Women are disproportionately impacted by knee & hip osteoarthritis (OA): why does this happen and how can we address it?
- Women experience a disproportionate OA burden compared to men, including higher rates of OA & pain & worse functional ability.
- Greatest risk factor for knee OA in females (16–45 years) is a traumatic knee injury, particularly to the anterior cruciate ligament (ACL).
- OA is evident on xray in 50% of knees within 10 years after traumatic knee injury.
- Women experience worse self-reported symptoms & reduced activity after ACL injury compared to men.
- Greatest risk factor for hip OA in young women is insidious, that is developmental dysplasia of the hip (DDH). DDH has a prevalence of up to 20% of children/adolescents, 80% of those female.
- DDH sufferers have pain impacting sleep, work, sport, exercise & social activities.
- Knee & hip OA in females – (Australian statistics)- growth in annual knee injury incidence among girls/women (3.0% per year) compared with boys/ men (1.3% per year).

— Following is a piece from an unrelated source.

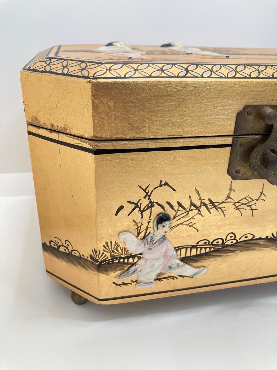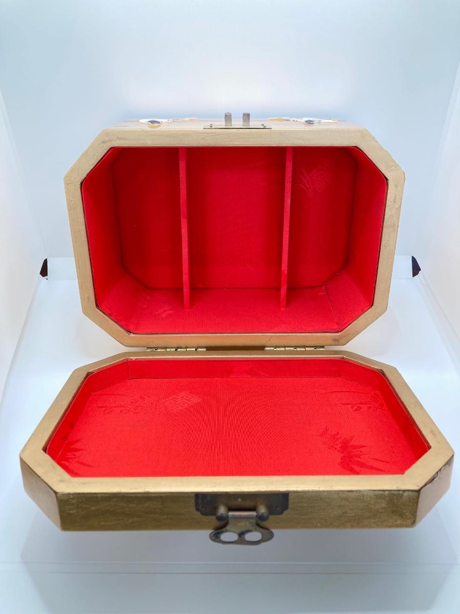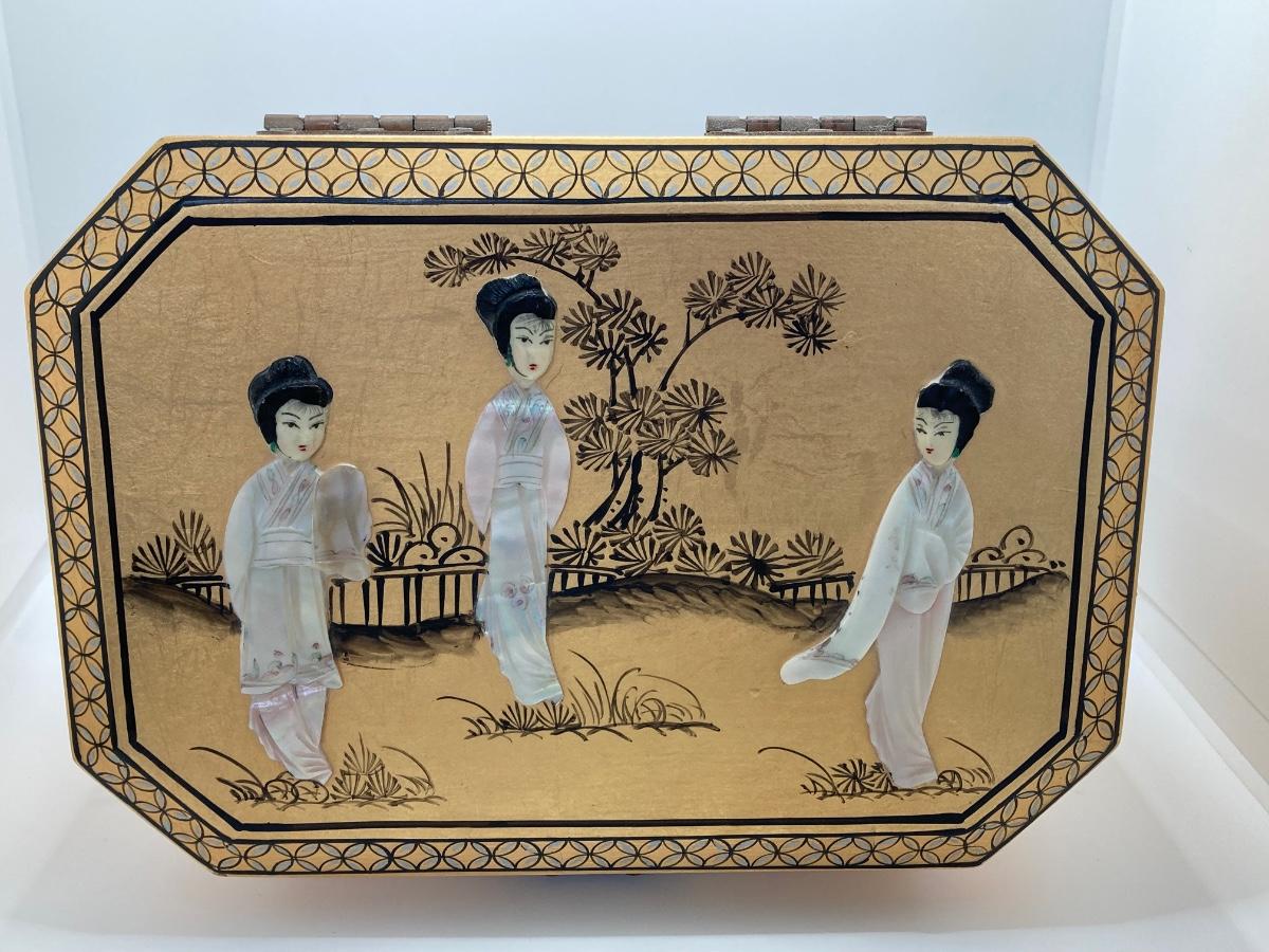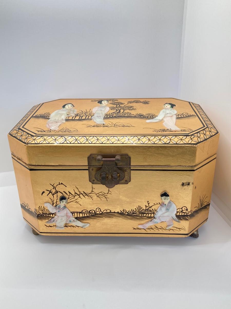 LOT 371: Vintage Asian Gold Lacquer Jewelry Box with Mother of Pearl Embossed Figures

- Women’s ACL injury rates are projected to increase, partly due to ↑ sports participation, up to 8X higher risk of ACL injury, & impact of gendered environmental factors.
- Post-traumatic knee OA – consider this burden at a time when young women have high occupational & parental responsibilities.
- Young people with DDH are 5X more likely to develop total hip replacement by 35 years than those without DDH.
- Preventing or reducing knee OA in young women with ACL injuries requires addressing gender-specific barriers in rehabilitation. Factors like access to healthcare, financial constraints, social support, & cultural norms affect participation & outcomes.
- Current rehabilitation approaches fail to consider women’s unique physical, psychological, & social challenges. Research is needed to understand these barriers, involve women with ACL injuries in study design, & develop targeted interventions.
- For hip OA prevention in young women with DDH, the gold-standard treatment is periacetabular osteotomy (PAO), which improves hip stability but has a long recovery time & potential complications. Exercise therapy may offer a lower-risk alternative, but its effectiveness in preventing OA is unclear. Further research is needed to explore how surgery or exercise can modify joint loading & slow OA progression, with a focus on long-term solutions co-designed with affected women.
A new approach to care is essential—one that prioritises early detection, gender-specific rehabilitation, & co-designed interventions with women affected by ACL injuries & DDH. Without intervention, young women will continue to face a high risk of severe knee & hip OA, leading to joint replacements before age 40. Evidence-based solutions are needed to reduce this burden, enabling women to stay active, fulfill work & caregiving roles, & age healthily. Investing in research & targeted solutions will not only improve women’s long-term health but also reduce the economic burden of early joint replacements on the healthcare system.